Admittedly, a newspaper page layout can be useful for getting an overview of what there is for me to read - I can quickly glimpse the headings and perhaps read a few emphasized words here and there, then select what I am going to read in detail.

But on the Web, there are two fundamental reasons for not trying newspaper look:

  1. a screen (or, more accurately, a browser window on a screen) is not a newspaper page; its dimensions vary and are unknown to the author, and it is typically so much smaller than a newspaper page that newspaper look looks silly there
  2. the hypertext concept (with links) together with the logical markup for headings, emphasis, etc, is the Web way of achieving same things which newspaper look achieves (when properly used in applicable media).

Finally, one may argue that if document layout is left to browsers and users only, each browser will have different aspects of presentation that can be controlled by the user and different methods of doing it. In a sense, each browser would have its own syntax and semantics for (users') style sheets. My reply is that this need not be more disastrous than differences between browsers in general. Moreover, why shouldn't it be possible to standardize this? The style sheet model would be essentially simpler than the cascading style sheets concepts, so it should be at least technically more easily standardizable.

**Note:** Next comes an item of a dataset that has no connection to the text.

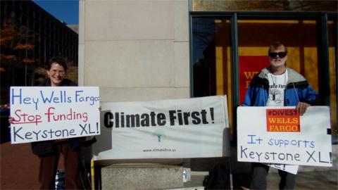 On Black Friday, the 24th of November, activists from Climate First! visited two local branches of Wells Fargo. They were there to deliver letters to management asking that Wells Fargo divest from the Keystone XL tar sands pipeline.

Well, that wasn't quite the end of my story. On May 25, 1997, Liam Quinn made an very interesting remark in a discussion in the comp.infosystems.www.authoring.html newsgroup. We were discussing various styles of paragraph presentation, such as having first line indented vs. one blank line and no indent. I wrote:

- - although most people will probably recognize paragraphs using either of style, after some initial confusion, the mental process may distract the readers attention from the form and content. Just as people can understand someone speaking English with a distinctly Frenc[h] accent, yet feel slightly disturbed.
and Liam responded:
... or slightly attracted. Some people find some foreign accents alluring and pleasant to listen to. Hence we have author style sheets, so that the author can suggest an accent for those in the mood to hear something different. And of course the reader who has problems understanding foreign accents, or who simply prefers "unaccented" English, there is the option of overriding the author's suggestion.

I have to think about that. Could it be so that used in a careful and disciplined way, author's presentational suggestions might assist in communication by creating an "atmosphere"? It need not be just attraction. The presentational suggestions could also convey important non-verbal messages about the personality of the author, about the way he sees the subject area and feels about it, etc. (I compare this to some uses of images described in my essay on images.) Needless to say, it would be very difficult to make it work.


Jukka Korpela
Originally written 1997-05-30. Only minor technical updates since that, the last one 2002-12-10.

This document is essentially an "expanded extract" from the document Why style sheets are harmful. The reason is that when writing the critical essay on style sheets I decided to discuss these more general themes as well, and later I realized that the general discussion is probably useful as an independent document, too.